The variables reported by the apheresis team during the production of double red are shown in Table II; overall the average duration was 25 minutes, 120 mL of anticoagulant was used with citrate dextrose acid, and 466 mL of saline solution infused to the donors. The processed blood volume averaged 954 mL.

Discussion

In this study we found that the hematological changes tend to the decrease significantly, and were evident in hemoglobin (p <0.0001), hematocrit (p <0.0001), leukocytes (p <0.0001), platelets (p <0.0001) and lymphocyte (p = 0.0267). On the contrary, we find that the segmented increased (p = 0.037). Monocytes, eosinophils and basophils showed no change after completion of the erythropheresis. Figure 1 shows these changes, the statistical variations shown are evidently results of the process of the erythropheresis and, because these variables are often physiologically highly conserved, minimal changes are sufficient for significant differences to be found. Importantly, no clinical or symptomatic manifestation was found to suggest any discomfort to patient, nor were there found any important hematological changes such as anemia and thrombocytopenia.
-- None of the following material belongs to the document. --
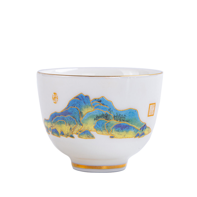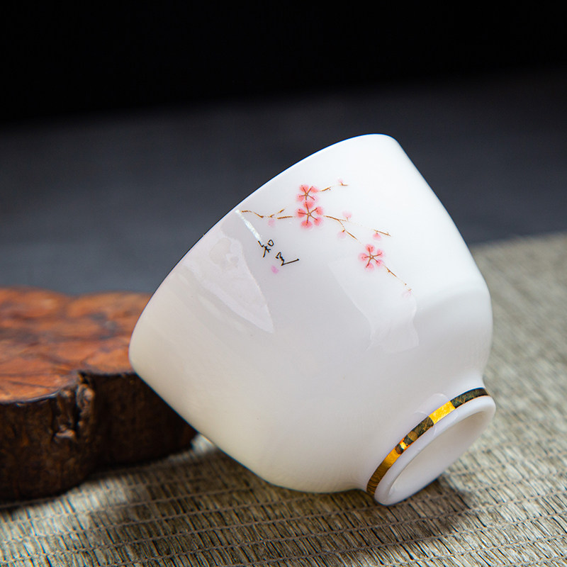 Defied Goat Fat Jade White Porcelain Teacup Tea Drinking Cup Ceramic Single Cup Master's Cup Tea Tea Brewery Cup Two Pieces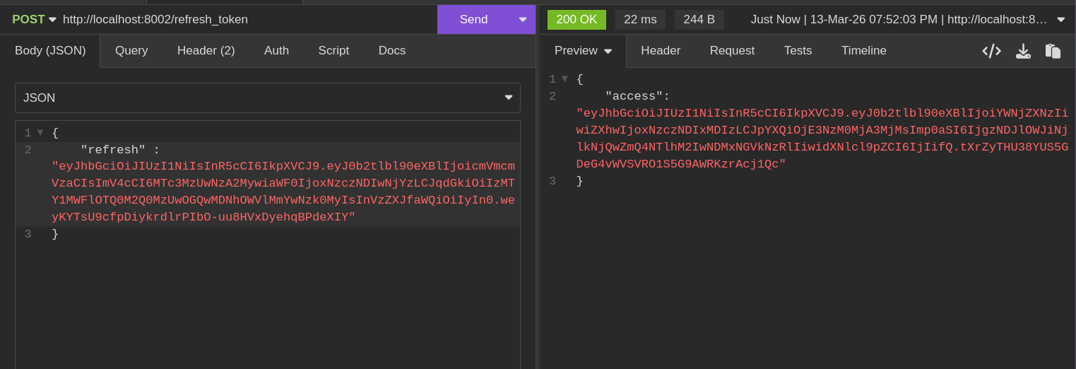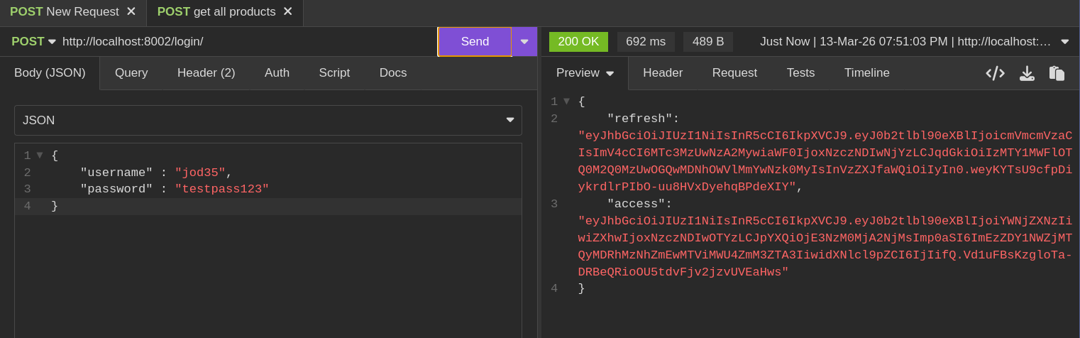 The initial login returns both access and refresh tokens to the client.

During the last two decades, the procedures for obtaining blood and its fractions have improved dramatically in both productivity and the quality of the products obtained, and although erythropheresis is performed worldwide, there is very little information in the world literature in which care for the donor is emphasized. In this study we focused on evaluating hematological changes found in the subject donors in order to improve safety for them, particularly during the production of double red in erythropheresis.

One of the difficulties encountered in this type of study is that erythropheresis is not a standard procedure in blood banks in Mexico, since there are few donors who undergo this procedure because complete donation is preferred to obtain various products useful in the treatment of various hematological blood condition. On the other hand, considering that entry into this study was limited to participants who had not consumed multivitamins or food supplements in the month prior to blood donation, the number of participants fell further. 
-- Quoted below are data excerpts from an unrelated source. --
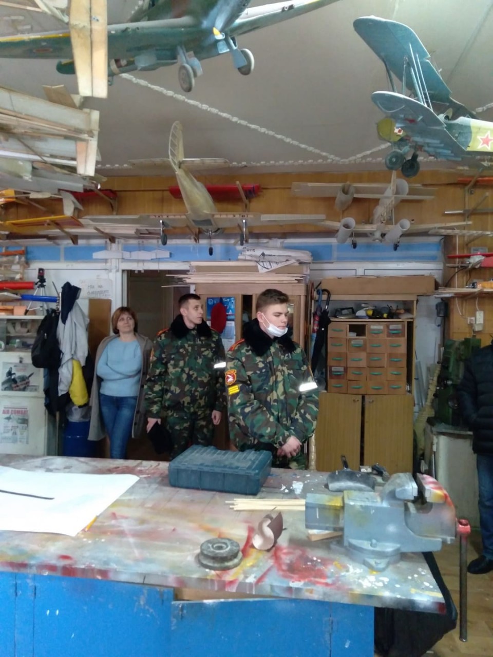 Гостям показали музей Могилевский объединенной организационной структуры ДОСААФ. Огромный интерес у кадетов вызвала секция по ракетомодельному и авиамодельному спорту.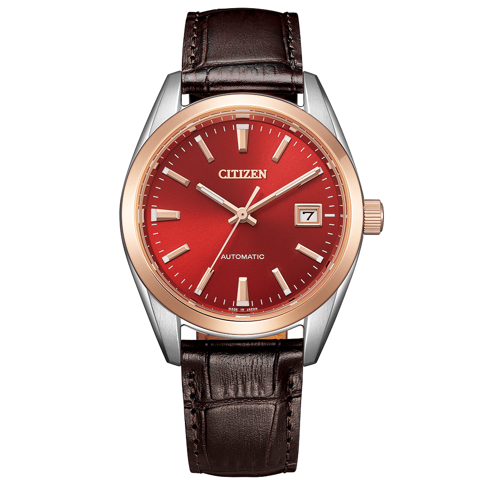 夕暮れ時の空を思わせる茜色を採用。シリーズで初めてピンクゴールドとシルバーを組み合わせたケースに濃茶の革バンドを合わせたクラシカルなデザインです。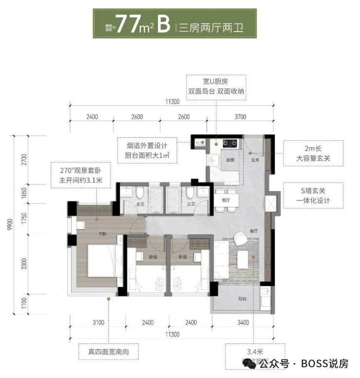 77㎡户型:次卧与客厅灵活可变,适合单身或新婚夫妻全周期需求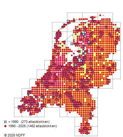 Het aantal atlasblokken (5x5 km) waarin de soort is gemeld binnen een periode van vijf jaar (vanaf 1980) of twintig jaar. Niet gecorrigeerd voor waarnemersinspanning en het aantal doorgegeven waarnemingen kan sterk variëren per periode, dus een trend in verspreiding kan hier niet direct uit worden afgelezen. Het opgegeven jaartal is het eerste jaar van de periode. Bron: gevalideerde waarnemingen uit de NDFF.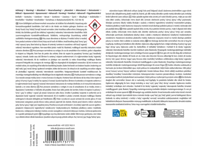 Plastikový model ke slepení, lepidlo, štětec, základní barvy, návod, obtisky.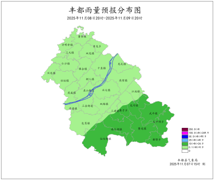 2025年10月31日16时至11月7日16时我县阴天间多云,局地有小雨。最大周累计降雨量为11.5mm(都督沙坪村)。最低气温2.3~13.6℃,最高气温10.9~26.7℃。丰都国家基本站周累计降雨量0.6mm,最低气温12.0℃,最高气温21.4℃。

All blood donation procedures in principle are subject to changes in hematology of the different donors, for reasons of losses, both of volume and of blood formed elements12 such that changes of hematologic values ​​are to be expected as a result of such losses. However, with the arrival of the apheresis procedure where part of the blood components are returned to the same donor, these hematological changes should be milder.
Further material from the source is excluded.